- _Task to complete_: Take the records below from their first line through the line holding "this central character.", and set each of those lines down exactly, without pictures.

════════════════════

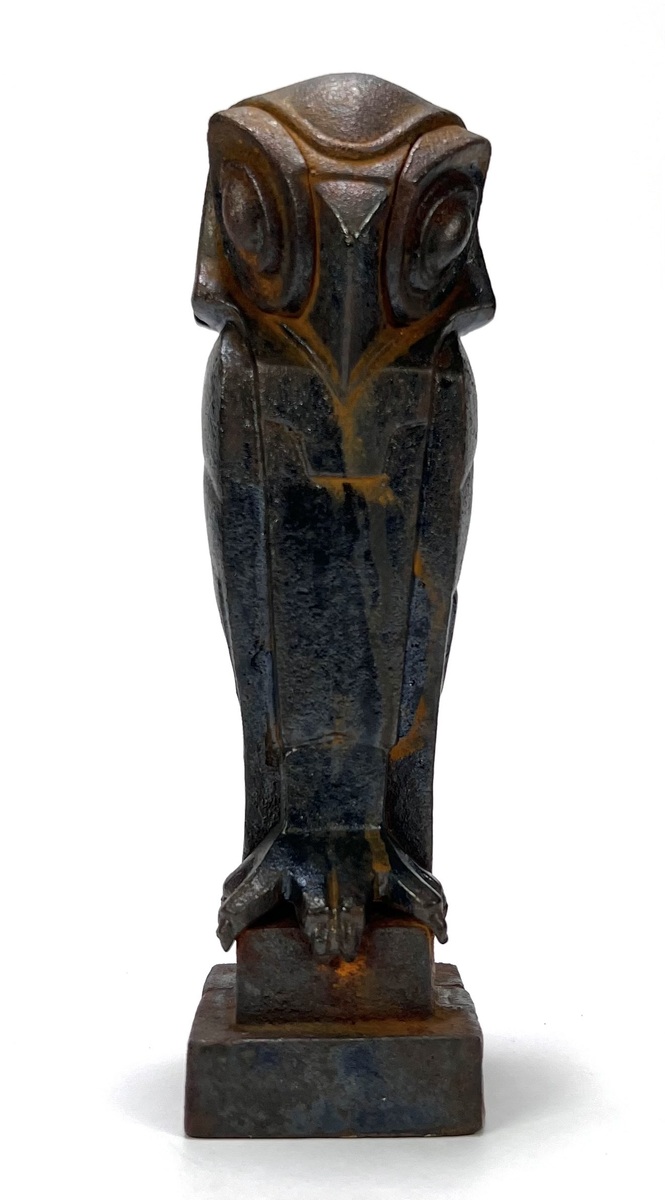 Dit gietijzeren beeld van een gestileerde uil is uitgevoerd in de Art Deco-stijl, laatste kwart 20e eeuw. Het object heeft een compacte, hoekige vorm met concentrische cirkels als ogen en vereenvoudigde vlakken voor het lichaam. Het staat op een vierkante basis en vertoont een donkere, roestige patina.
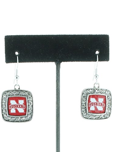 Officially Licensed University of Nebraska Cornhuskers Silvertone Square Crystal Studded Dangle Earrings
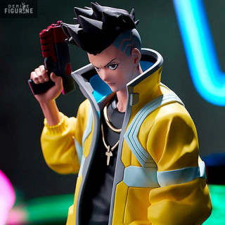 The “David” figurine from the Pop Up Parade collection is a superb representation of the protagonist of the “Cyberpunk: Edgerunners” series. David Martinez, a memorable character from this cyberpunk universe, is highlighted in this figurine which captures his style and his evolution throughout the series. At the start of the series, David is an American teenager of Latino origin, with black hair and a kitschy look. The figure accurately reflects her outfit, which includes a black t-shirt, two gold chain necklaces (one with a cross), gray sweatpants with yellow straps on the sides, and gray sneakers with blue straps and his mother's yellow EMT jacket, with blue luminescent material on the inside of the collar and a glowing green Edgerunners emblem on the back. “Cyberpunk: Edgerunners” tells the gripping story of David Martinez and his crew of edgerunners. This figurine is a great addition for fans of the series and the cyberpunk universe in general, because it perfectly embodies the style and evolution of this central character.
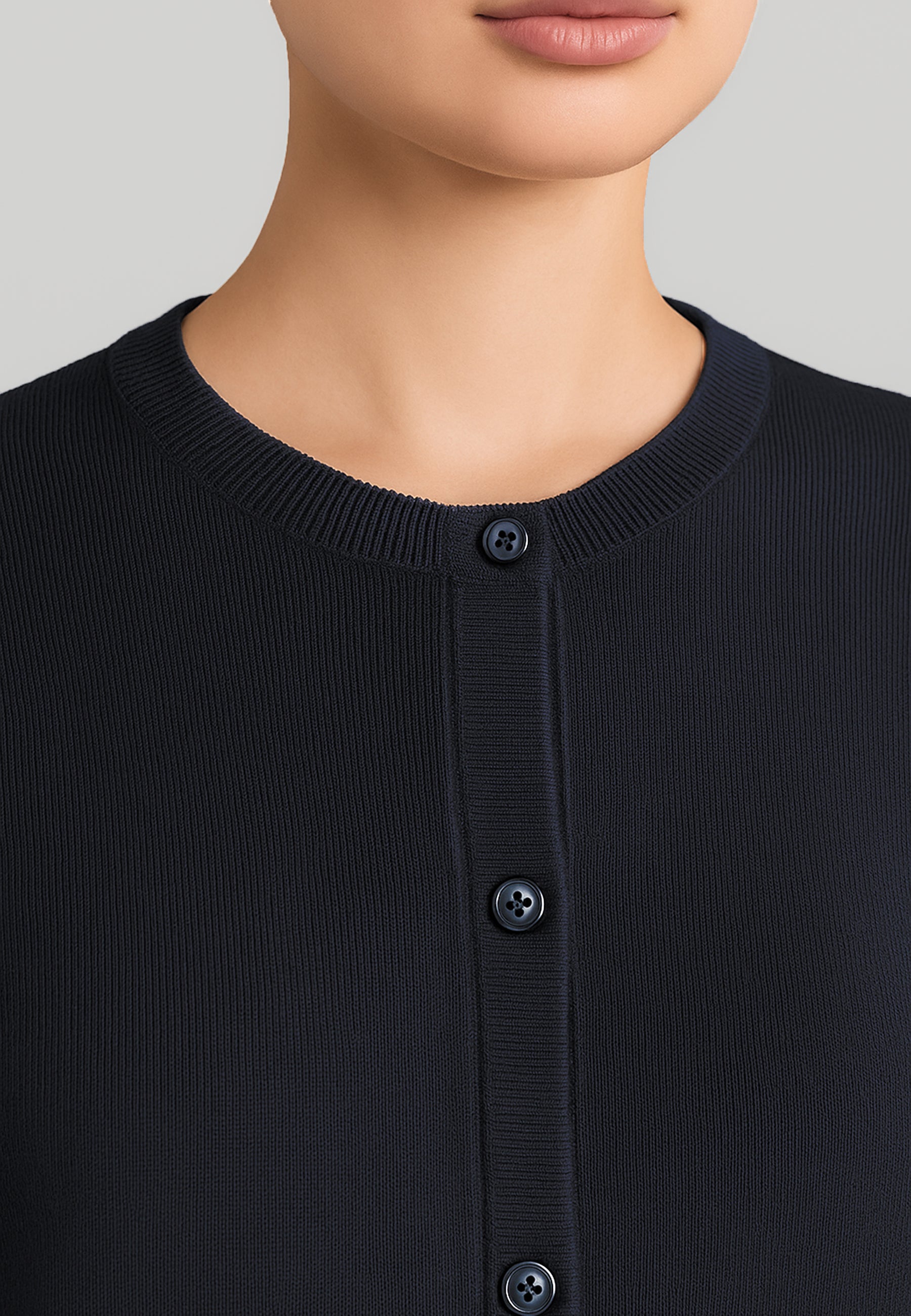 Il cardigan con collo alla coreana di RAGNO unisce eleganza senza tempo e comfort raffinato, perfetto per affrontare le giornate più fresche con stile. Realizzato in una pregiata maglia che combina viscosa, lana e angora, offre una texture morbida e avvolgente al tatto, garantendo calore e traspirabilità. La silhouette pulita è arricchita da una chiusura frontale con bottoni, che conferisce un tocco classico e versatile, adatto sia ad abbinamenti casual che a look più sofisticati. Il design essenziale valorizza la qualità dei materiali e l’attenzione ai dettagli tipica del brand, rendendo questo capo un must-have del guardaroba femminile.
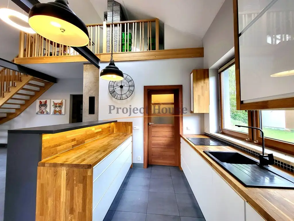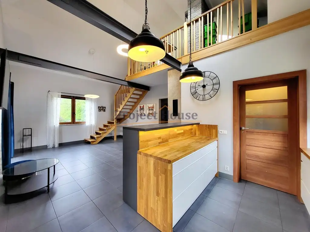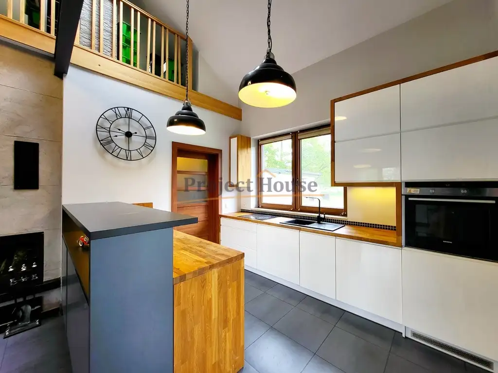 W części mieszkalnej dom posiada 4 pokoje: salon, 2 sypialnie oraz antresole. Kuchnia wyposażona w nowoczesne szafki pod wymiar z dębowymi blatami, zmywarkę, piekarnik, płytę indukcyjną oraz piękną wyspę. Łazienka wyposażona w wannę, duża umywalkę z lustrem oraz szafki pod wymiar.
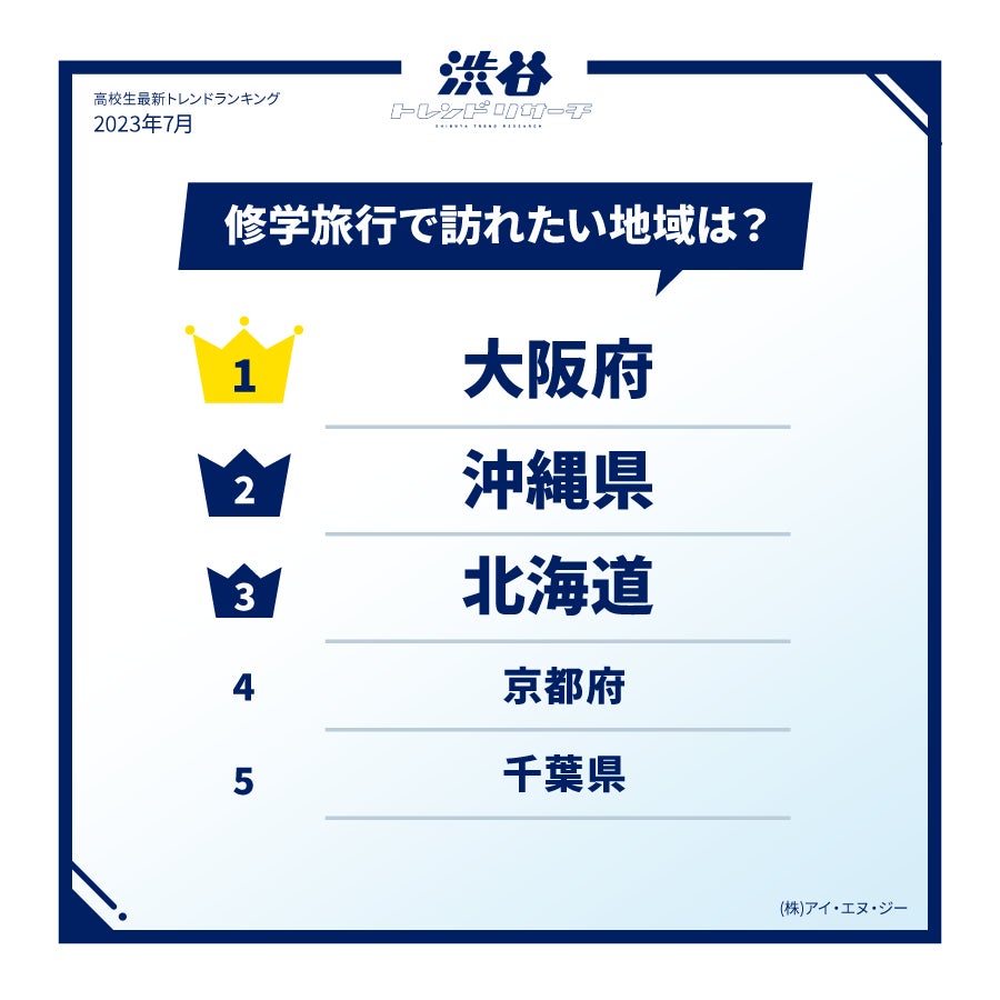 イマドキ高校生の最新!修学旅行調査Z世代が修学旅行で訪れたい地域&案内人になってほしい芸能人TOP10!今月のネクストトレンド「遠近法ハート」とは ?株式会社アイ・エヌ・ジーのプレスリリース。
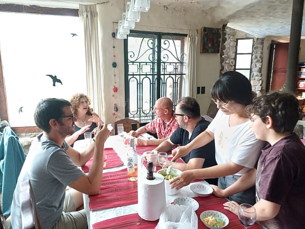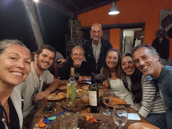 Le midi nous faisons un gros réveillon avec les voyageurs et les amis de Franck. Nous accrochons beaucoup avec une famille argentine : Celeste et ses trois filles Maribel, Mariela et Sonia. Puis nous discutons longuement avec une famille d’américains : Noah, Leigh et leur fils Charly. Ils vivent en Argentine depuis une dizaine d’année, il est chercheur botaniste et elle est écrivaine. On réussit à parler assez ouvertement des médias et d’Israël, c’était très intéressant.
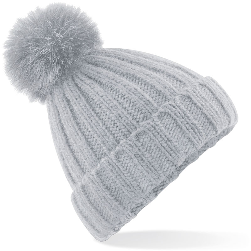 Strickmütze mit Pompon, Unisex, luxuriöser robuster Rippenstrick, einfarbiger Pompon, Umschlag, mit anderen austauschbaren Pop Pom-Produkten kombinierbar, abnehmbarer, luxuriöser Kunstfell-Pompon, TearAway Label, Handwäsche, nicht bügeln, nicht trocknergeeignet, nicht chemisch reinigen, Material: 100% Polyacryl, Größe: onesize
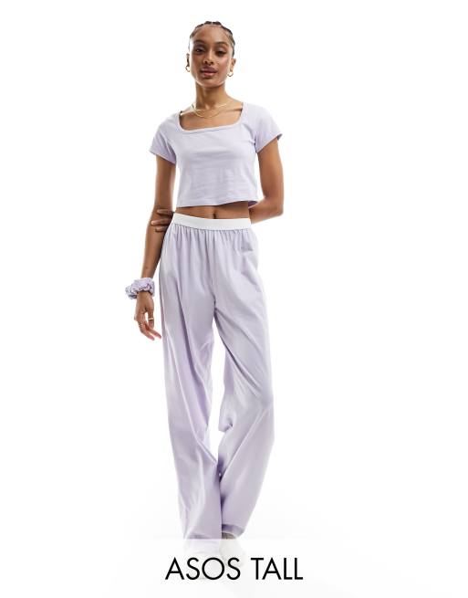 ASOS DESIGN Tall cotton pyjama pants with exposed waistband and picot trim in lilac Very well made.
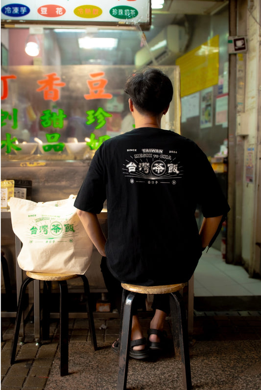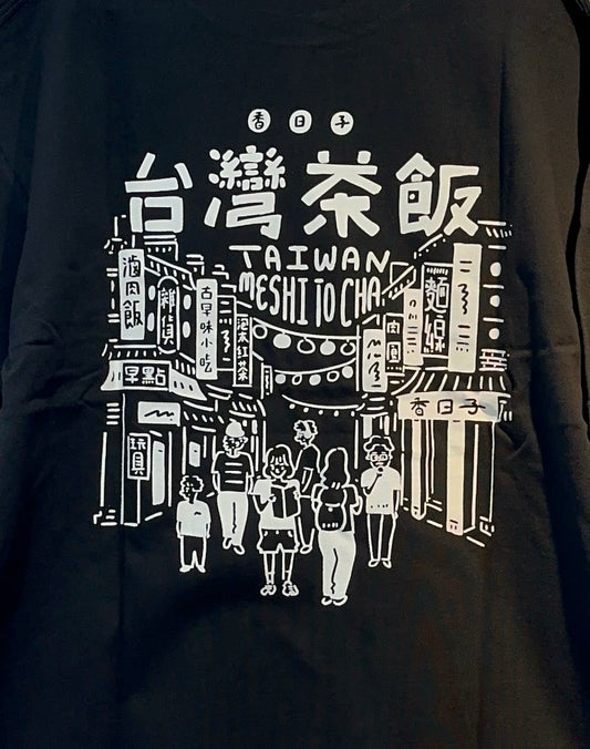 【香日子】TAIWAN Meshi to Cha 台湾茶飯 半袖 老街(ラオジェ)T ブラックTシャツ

════════════════════

- _Answer for this exercise_:
 Dit gietijzeren beeld van een gestileerde uil is uitgevoerd in de Art Deco-stijl, laatste kwart 20e eeuw. Het object heeft een compacte, hoekige vorm met concentrische cirkels als ogen en vereenvoudigde vlakken voor het lichaam. Het staat op een vierkante basis en vertoont een donkere, roestige patina.
 Officially Licensed University of Nebraska Cornhuskers Silvertone Square Crystal Studded Dangle Earrings
 The “David” figurine from the Pop Up Parade collection is a superb representation of the protagonist of the “Cyberpunk: Edgerunners” series. David Martinez, a memorable character from this cyberpunk universe, is highlighted in this figurine which captures his style and his evolution throughout the series. At the start of the series, David is an American teenager of Latino origin, with black hair and a kitschy look. The figure accurately reflects her outfit, which includes a black t-shirt, two gold chain necklaces (one with a cross), gray sweatpants with yellow straps on the sides, and gray sneakers with blue straps and his mother's yellow EMT jacket, with blue luminescent material on the inside of the collar and a glowing green Edgerunners emblem on the back. “Cyberpunk: Edgerunners” tells the gripping story of David Martinez and his crew of edgerunners. This figurine is a great addition for fans of the series and the cyberpunk universe in general, because it perfectly embodies the style and evolution of this central character.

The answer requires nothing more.